In the second edition of his column, API Executive Director Tom Rosenstiel covers four major challenges to journalism today and four attempts to confront them that are worth watching.
+ Trust Tip: Use comments to explain and defend your work, part two (Trusting News)
TRY THIS AT HOME
Network mapping is a concrete method to include more voices in reporting (Nieman Lab)
Many journalists find that, despite their best intentions, it’s difficult to include more diverse voices in their stories. Elise Stolte of the Edmonton Journal writes that Hearken’s network mapping technique has taught her a strategy to overcome inertia and address the issue. Network mapping involves literally drawing a map that connects all people who may be interested in the topic at hand, including those outside the publication’s traditional audience. Once all the interested groups are written down, a reporter can then work their way through the list, reaching out to contacts in each circle for their thoughts. Building those relationships can lead to more story ideas and more connections in a part of the community that may be underrepresented in the media.
+ Related: Chalkbeat and the Reynolds Journalism Institute are building a better system for tracking source diversity — and they’re looking for help from newsrooms (Chalkbeat)
OFFSHORE
UK paper clears seven pages to show photos of local COVID-19 victims (Behind Local News)
Britain’s Manchester Evening News dedicated its first seven pages to photos of the region’s COVID-19 victims to mark the one-year anniversary of the area’s first pandemic death. The front cover featured 40 photos, and the tribute overall included 218 pictures sent in by readers whose loved ones have passed. The tribute mentions that for every picture shown, there have been another 25 deaths in the Manchester area. The paper has been running “Loved and Lost” articles, which allow readers to pay tributes to victims of COVID-19. In January, the Evening News ran an interactive piece online dedicated to the more than 4,000 locals who died from COVID-19 in 2020.
OFFBEAT
NPR’s training team walks applicants through writing a cover letter for a public media job or internship (NPR Training)
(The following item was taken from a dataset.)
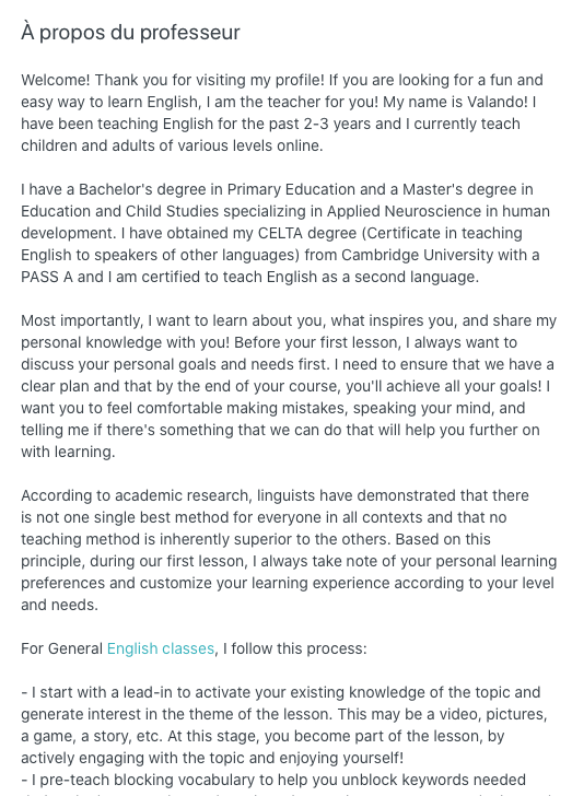 Le service n’ayant pas la vocation de sĂ©lectionner des « professeurs », il s’agit alors pour l’internaute de prendre son temps pour lire et choisir Ă bon escient. Il n’y a pas de conseiller pĂ©dagogique pour vous aider… (sauf l’option demander au site)

As part of NPR’s publicly available training materials, Holly J. Morris, NPR Training’s Digital Storytelling Specialist, has written a guide to writing a cover letter for a public media job or internship. The tongue-in-cheek sample letter gives tips on how to stand out among a crowded field of applicants, how to focus on what the applicant would bring to the specific role, and how to avoid overused internet jargon. The letter also includes step-by-step tips on creating a letterhead and a signature that are suitable for cover letters.
UP FOR DEBATE
Being owned by a billionaire is a struggling newsroom’s dream, but it can turn into a nightmare (CNN)
With so many newsrooms struggling, many have debated whether billionaire owners are the solution to the industry’s woes. In interviews with multiple people who work at news outlets owned by billionaires, Kerry Flynn writes that staffers often feel “at the whims of a super rich and sometimes capricious owner.” Some assumed that their billionaire owners were primarily interested in the public good, instead of profit-making, and that they could use their wealth to keep the lights on during a difficult economic period. But the same struggles for sustainability exist, and often the attempts to stay afloat, such as layoffs and story quotas, leave staffers demoralized.
SHAREABLE
Newsrooms are getting creative about presenting long-form journalism in the internet era (Axios)
Long-form journalism is having a digital resurgence, in everything from newsletters to podcasts to documentaries. As news outlets have moved away from text-heavy pieces toward smaller, more digestible formats, engaged time on individual news stories has risen. More stories are now rolled out with accompanying formats — such as short-form courses, pop-up newsletters or limited-run podcasts — while many large outlets are licensing their longer articles to streaming companies to turn into documentaries. These new formats can be difficult to reconcile with traditional journalism rules, as The New York Times discovered when its Caliphate podcast failed to meet the paper’s editorial standards.